Most organised groups also open up various legitimate fronts to launder their money, and Kathmandu’s criminals are no different. Police believe criminals here have invested in construction, hotels, films, and cable distribution, apart from investing in hawala transactions. They also regularly extort money from dance bars and from ordinary shops as well. “There are reports that all the medical shops near the Tribhuvan University Teaching Hospital have been rented out by criminal Deepak Manange, who extorts a large amount of money from them,” says Aryal. But most surprisingly, legitimate builders are taking the help of organised criminals to sort out their legal disputes. “The builders take the help of gangs to get plots of land vacated and for settling property related disputes,” says Chand, “Builders often pay protection money to gangs, who reinvest the money back with the builders.” Real estate has traditionally been a major investment sector for organised criminals across the world.

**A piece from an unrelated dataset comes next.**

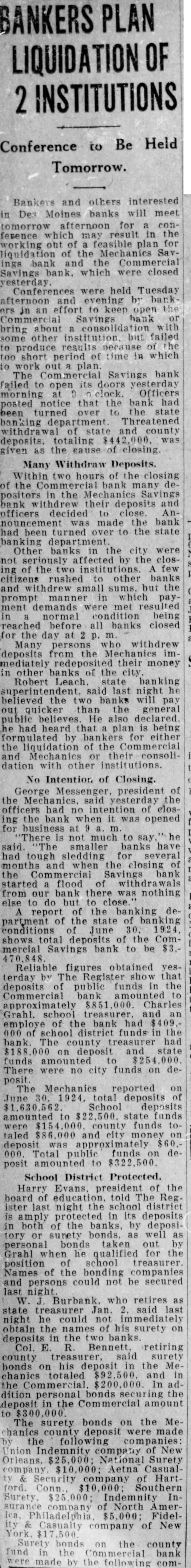 George Messenger, president of the Mechanics, said yesterday the officers had no intention of closing the when it was opened business at m There not much to say he said. "The smaller banks have had tough sledding for several months and when the closing of the Commercial Savings bank started flood of withdrawals from our bank there was nothing else to do but to close report of the department of the state of banking conditions of June 30. 1924 shows deposits of the Commercial Savings bank to be $3.Reliable figures obtained yesterday by The Register show that deposits of public funds in the Commercial bank amounted to approximately $851,000 Charles Grahl. treasurer and employe of the bank had $409. 000 of district funds in the bank The county treasurer had $188 000 on deposit and state funds amounted $254 000 There were no city funds on deThe Mechanics reported on June 30. 1924, total deposits of School deposits amounted to $22,500. state funds were 4.000. county funds totaled $86,000 and city money on deposit was $60. 000 Total funds on deposit amounted to $322,500

It was to tackle this rise in organised crime that the Crime Investigation Bureau was established in August this year. A Kidnapping Act was introduced in 2006 to address the rise in such crimes after the antiquated Public Offence Act failed to address the problems that come with a modern city. The government is now mulling over an Organised Crime Act, which will, according to Bhandari, work solely towards curbing organised crime and define its nature properly. “The major achievement is that the state has at least realised the need to combat organised crime,” he says.

Yet, it will take the CIB another five to 10 years before it begins to bite. The police force currently lacks proper resources—both in trained manpower and available technology—to fight back the changing nature of crime. The state till now has never been serious about combatting organised crime. But this is slowly changing. The CIB is coordinating with the Supreme Court to track down nearly 66,000 to 67,000 pending criminal cases. The police are also conducting research on local criminals’ connections with international gangs.

Bhandari quotes the recent crackdown on illegal Voice Over Internet Protocol operators and the fraud perpetrated by Unity International as examples of how organised crime is slowly moving into financial crimes as well. But the biggest problem still remains the response of the state and the judiciary. For example, Supreme Court Justice Rana Bahadur Bam has been indicted on charges that he allowed three notorious kidnappers to be released after posting tiny bails. A few months after their release, the three abducted Dr. Bhaktaman Shrestha of the BP Koirala Memorial Cancer Hospital in Bharatpur. “If they had not been released, the three couldn’t have abducted Dr. Shrestha. Organised crime can only be tackled in an organised way,” says Aryal. That will take a while.